● WHAT IS BEING ASKED
Return the lines of the listing below exactly as they appear, beginning at the one with "The Disney Baby" and stopping after the one with "现在轮到了魅族17这款机型,信息显示当面"; do not include pictures.

————————

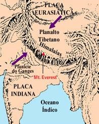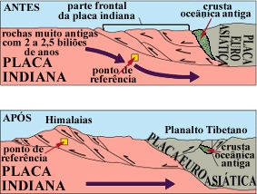 Nesta colisão, ocorrida há 50 milhões de anos, a placa euroasiática acabou por obductar a placa indiana. Após a colisão, a convergência das placas deu origem aos Himalaias (cujo ponto mais alto se localiza a 8 854m de altitude), obrigando também ao levantamento do planalto tibetano (cuja altitude média é de 4 600m).
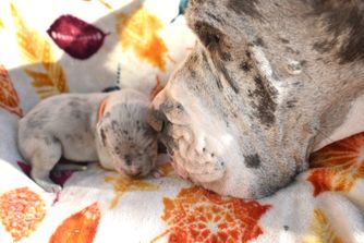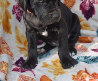 Our puppies include fawn, blue, harlequin, merle, and black. Colors will vary depending on the parent dogs.
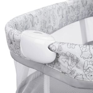 The Disney Baby Winnie the Pooh Slumber Party Soothing Bassinet is designed to provide comfort, safety, and gentle soothing for your baby’s peaceful sleep. Featuring adorable Winnie the Pooh designs, this bassinet comes with soothing vibrations, calming melodies, and soft lighting to help lull your baby into a restful slumber. The mesh sides ensure breathability, while the sturdy frame offers stability and security.
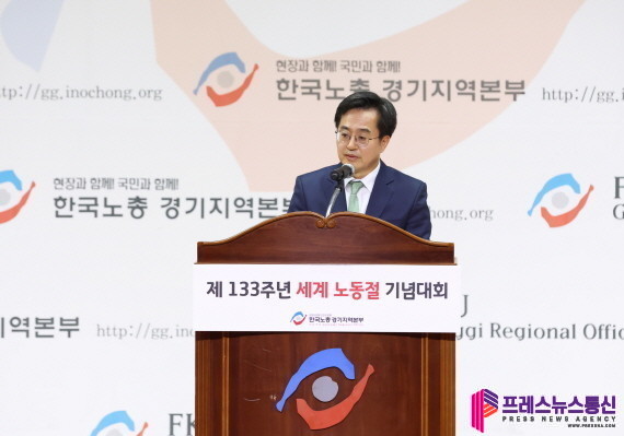 | ▲ 28일 오전 경기종합노동복지회관에서 열린 제133주년 노동절 기념행사에서 김동연 경기도지사가 축사를 하고 있다.(사진=경기도) |
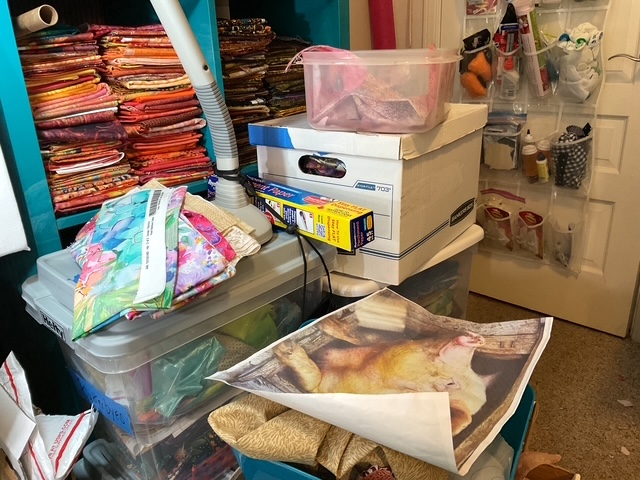 When I needed a reflection for the window Susan suggested that I use a photo of my own Bigfoot collage. Perfect! Background fabric is from Spoonflower. It’s all done now, one month later, except the top binding. I had to order another piece from Spoonflower to get the match I wanted.
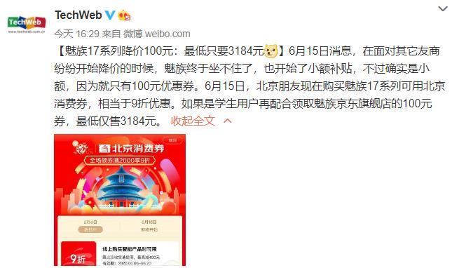 现在轮到了魅族17这款机型,信息显示当面对其它同档次机型降价之时,魅族17也是扛不住的。这一次是魅族17参与到了消费券活动之中,不过只能使用100元,假如你是学生的话还可以领到魅族京东旗舰店的100元,现在最低到手价仅需要3184元。比当时的3699元便宜了500元,这个价格与当时PDD百亿补贴的到手后的价格基本相同,你说这能是巧合吗?
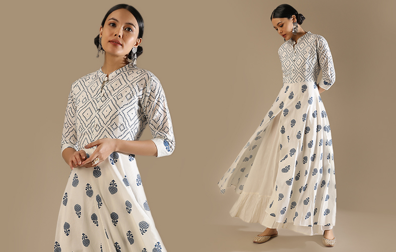 It goes without saying that white is the most classic and elegant piece of clothing. Serene, alluring and a summer staple, a dress in white inspires many. And interestingly, even though it is colorless, it dominates the fashion for its palate. Sangeet, Diwali, Holi or any other Indian celebration, a long white kurta can shine as bright as a star. Pristine, ivory, pearl and off-white hues have emerged as favorite fashion hues for many celebs and fashionistas around the world. Let’s have a look at the assortment of simple white long kurti designs from KALKI that are winning hearts!
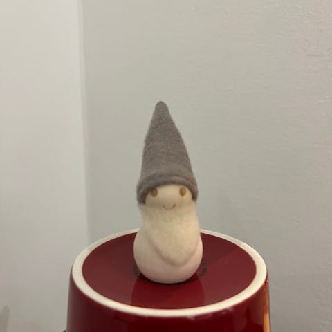 Aarikka vanha isojalkainen tonttu. Hyväkuntoinen. Hintalapun jämiä jalkapohjassa.
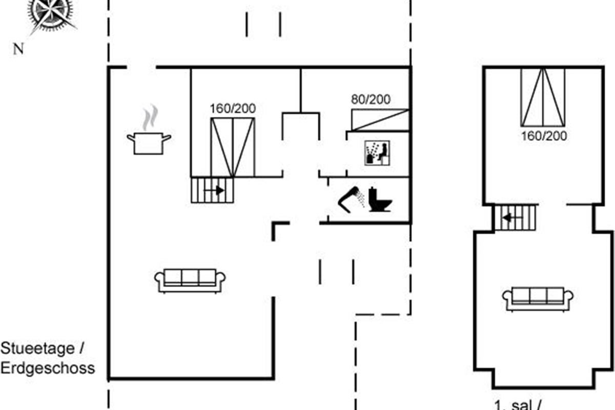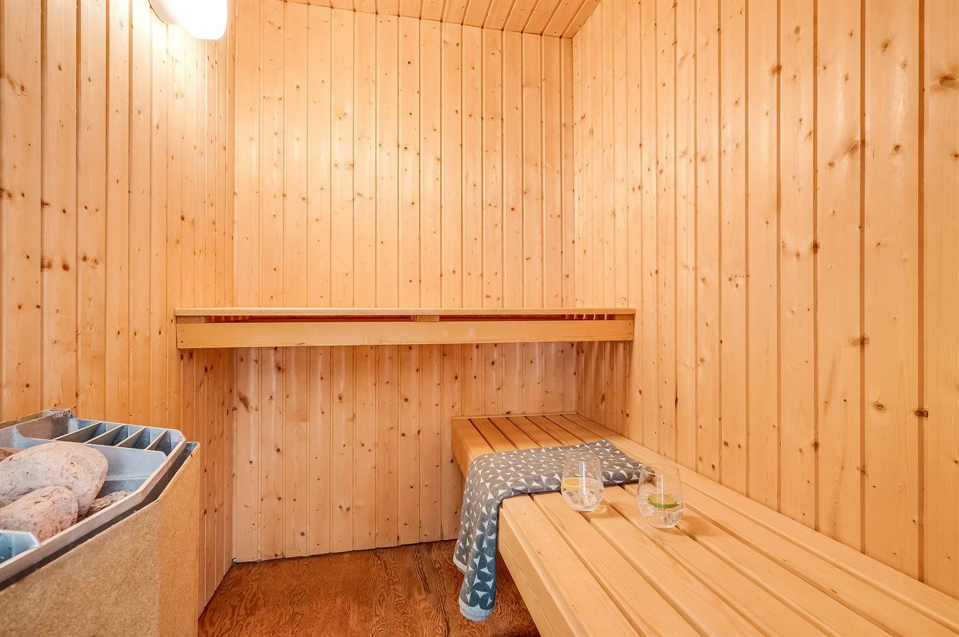 Er is 1 badkamer met douchehok en 1 toilet. De sauna biedt de gelegenheid tot ontspanning.
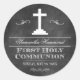 Cet autocollant de style tableau noir First Holy Communion affiche une typographie qui ressemble à de la craie sur un tableau noir. Le texte customisé est disposé sous une croix est proéminent entouré d'ornements bouclés. Grande comme enveloppe scellée ou personnaliser à utiliser avec faveurs ou comme cadeau. Disponible avec les produits correspondants. com
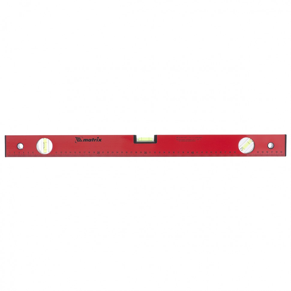 Уровень алюминиевый, 600 мм, 3 глазка, красный, линейка Matrix
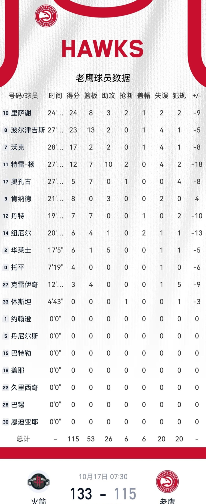 老鹰方面,特雷-杨表现低迷,14投仅4中,三分球6投2中,仅得12分7篮板10助攻,效率低下,正负值-18为全队最低;里萨谢(24分7篮板3助攻)和波尔津吉斯(23分4篮板2助攻)虽有不错数据,但难阻球队失利。
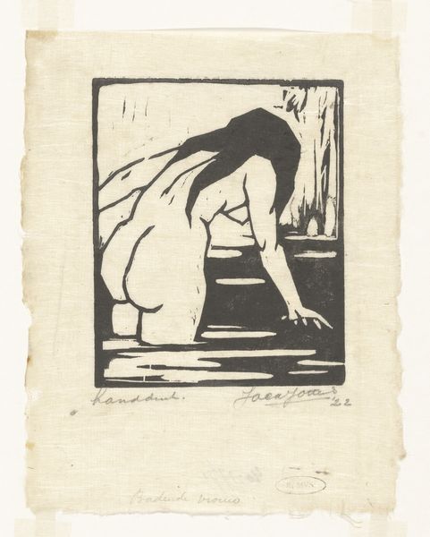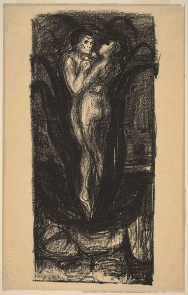 Curator: Ernst Ludwig Kirchner created this evocative ink drawing, "Standing Nude in a Room," in 1921, during a period when he was wrestling with post-war trauma. Editor: Wow, she seems incredibly isolated. Almost cornered, by both the composition and something unseen. It's like she’s huddling for warmth, but emotionally too. The black ink seems to absorb all the light and energy around her. Curator: The use of stark contrasts, those brutal, almost slashing lines, are hallmarks of German Expressionism, a movement defined by artists’ profound unease and subjective response to the modern world. We see its influence profoundly in Kirchner’s nude. The sharp edges mirror the discord and fragmentation they felt within themselves and society. Editor: Definitely discordant. Even the wallpaper feels oppressive. It reminds me of anxieties experienced when moving to a new place... unpacking and being surrounded by boxes, and a lack of control. There is an uncomfortable claustrophobia emanating from all the surfaces and the subject's tense stance. Curator: Yes, the visual chaos certainly speaks to a deep psychological unrest, reflecting Germany's socio-political turmoil after World War I. The naked body itself, often symbolic of vulnerability, in this context it really communicates a sense of being exposed and defenseless against external and internal forces. Editor: It also occurs to me how the visible window acts almost like a distorted picture frame for a hidden drama. I'd love to know more about that hidden setting... is it more chaos that she can't escape? And perhaps in the same way she can't leave this dark print, neither can we as viewers dismiss it. Curator: Kirchner consistently deployed nude figures in interiors to mirror internal emotional states, making the domestic setting a landscape of psychological revelation, a mirror reflecting her hidden vulnerabilities, so clearly outlined for us here. Editor: It's hard to look away from its bleak honesty. This ink drawing really pulls the spectator into a quiet storm of anxiety. The weight of all those internal pressures just radiating outwards... fascinating. Curator: Indeed. And that stark honesty continues to speak to viewers who can readily see these raw emotions and vulnerabilities. A visceral piece for the ages.
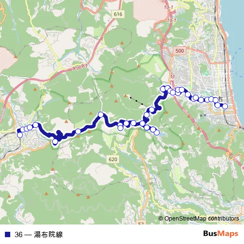 The first stop of the 36 bus route is 由布院駅前バスセンター and the last stop is 別府駅西口. 36 (湯布院線) is operational during 毎日.
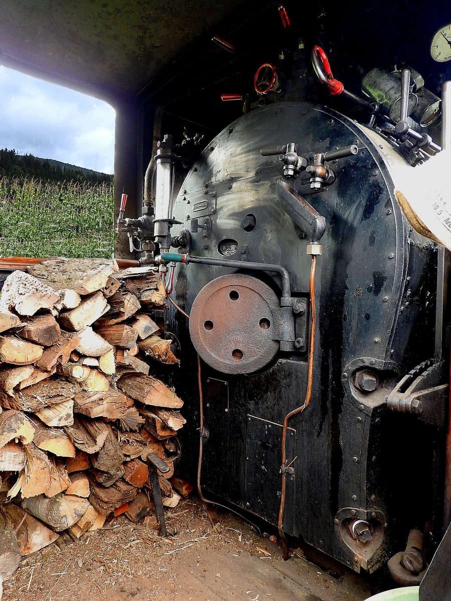 Dampf-Energiequelle  in Form von aufgestapeltem Holz liegt vor der Brennkammer von Lok13 bereit; 170903
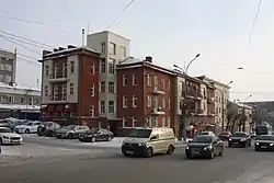 Prombank Dormitory (Russian: Общежитие Промбанка) is a constructivist building in Tsentralny City District of Novosibirsk, Russia, built in 1927 by architect I. A. Burlakov.[1][2]. It is located on the corner of Krasny Avenue and Kainskaya Street.
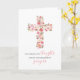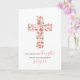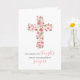 Religious womens sympathy card featuring a plain white background, a pink watercolor floral cross, the words "you are in our thoughts, and in our heartfelt prayers", and a deepest sympathy message on the inside.
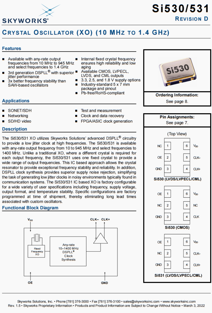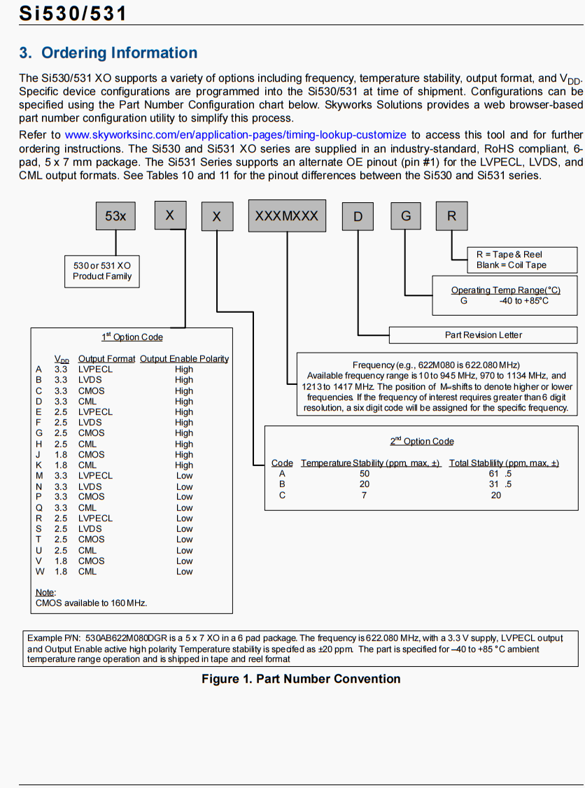 | 536AB125M000DGR | Skyworks晶振 | Si536 | XO | 125 MHz | LVPECL | 3.3V | ±20ppm |

————————

● OUTPUT OF THE EXERCISE
 The Disney Baby Winnie the Pooh Slumber Party Soothing Bassinet is designed to provide comfort, safety, and gentle soothing for your baby’s peaceful sleep. Featuring adorable Winnie the Pooh designs, this bassinet comes with soothing vibrations, calming melodies, and soft lighting to help lull your baby into a restful slumber. The mesh sides ensure breathability, while the sturdy frame offers stability and security.
 | ▲ 28일 오전 경기종합노동복지회관에서 열린 제133주년 노동절 기념행사에서 김동연 경기도지사가 축사를 하고 있다.(사진=경기도) |
 When I needed a reflection for the window Susan suggested that I use a photo of my own Bigfoot collage. Perfect! Background fabric is from Spoonflower. It’s all done now, one month later, except the top binding. I had to order another piece from Spoonflower to get the match I wanted.
 现在轮到了魅族17这款机型,信息显示当面对其它同档次机型降价之时,魅族17也是扛不住的。这一次是魅族17参与到了消费券活动之中,不过只能使用100元,假如你是学生的话还可以领到魅族京东旗舰店的100元,现在最低到手价仅需要3184元。比当时的3699元便宜了500元,这个价格与当时PDD百亿补贴的到手后的价格基本相同,你说这能是巧合吗?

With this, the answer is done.